Aim of the exercise »
Each line from the opening of the material through the line holding "[2025 공모전 수상작_우리반" needs to be returned exactly, with the pictures left out.

Data block »
————

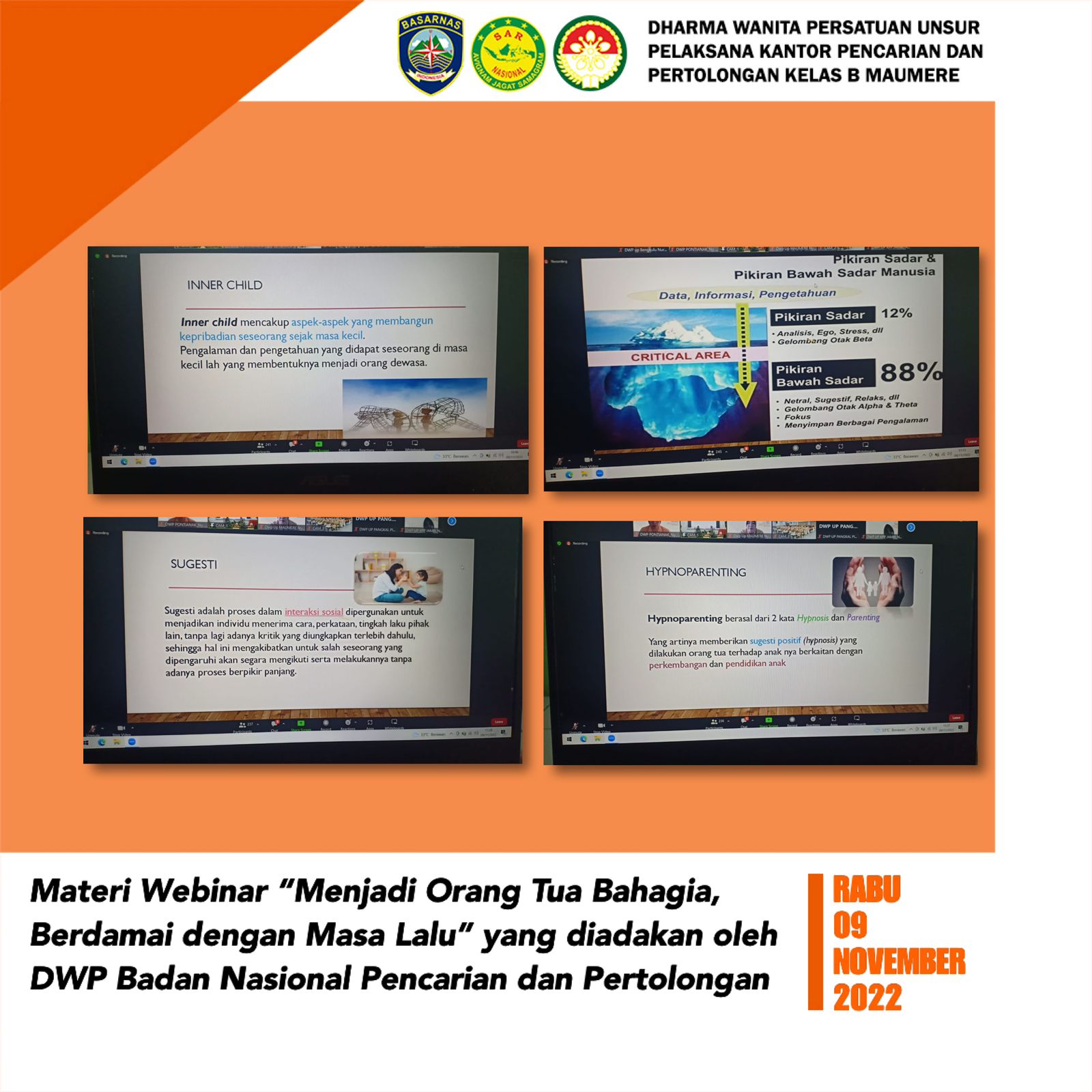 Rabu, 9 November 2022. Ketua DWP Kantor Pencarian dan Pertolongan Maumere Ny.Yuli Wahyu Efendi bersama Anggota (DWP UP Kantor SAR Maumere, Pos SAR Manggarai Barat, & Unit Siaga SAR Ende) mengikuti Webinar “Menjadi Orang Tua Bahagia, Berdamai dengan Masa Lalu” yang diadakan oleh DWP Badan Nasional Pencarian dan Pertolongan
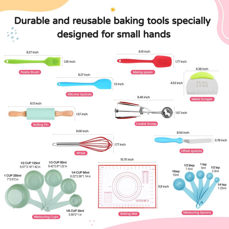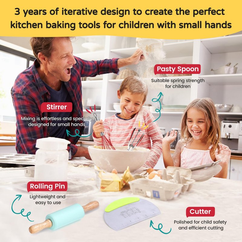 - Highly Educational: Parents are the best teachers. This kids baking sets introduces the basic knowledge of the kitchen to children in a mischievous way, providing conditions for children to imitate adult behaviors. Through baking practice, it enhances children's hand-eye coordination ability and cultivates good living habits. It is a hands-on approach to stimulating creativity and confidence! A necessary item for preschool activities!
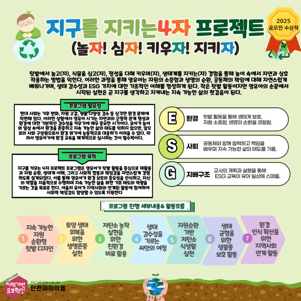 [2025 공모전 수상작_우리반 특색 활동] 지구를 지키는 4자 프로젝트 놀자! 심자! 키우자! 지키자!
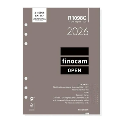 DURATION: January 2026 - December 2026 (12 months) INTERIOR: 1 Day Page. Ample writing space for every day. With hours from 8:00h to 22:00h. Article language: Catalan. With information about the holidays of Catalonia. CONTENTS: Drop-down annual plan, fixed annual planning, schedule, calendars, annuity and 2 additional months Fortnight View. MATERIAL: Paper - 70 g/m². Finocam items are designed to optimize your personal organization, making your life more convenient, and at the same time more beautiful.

————

Output of the task »
 Rabu, 9 November 2022. Ketua DWP Kantor Pencarian dan Pertolongan Maumere Ny.Yuli Wahyu Efendi bersama Anggota (DWP UP Kantor SAR Maumere, Pos SAR Manggarai Barat, & Unit Siaga SAR Ende) mengikuti Webinar “Menjadi Orang Tua Bahagia, Berdamai dengan Masa Lalu” yang diadakan oleh DWP Badan Nasional Pencarian dan Pertolongan
 - Highly Educational: Parents are the best teachers. This kids baking sets introduces the basic knowledge of the kitchen to children in a mischievous way, providing conditions for children to imitate adult behaviors. Through baking practice, it enhances children's hand-eye coordination ability and cultivates good living habits. It is a hands-on approach to stimulating creativity and confidence! A necessary item for preschool activities!
 [2025 공모전 수상작_우리반 특색 활동] 지구를 지키는 4자 프로젝트 놀자! 심자! 키우자! 지키자!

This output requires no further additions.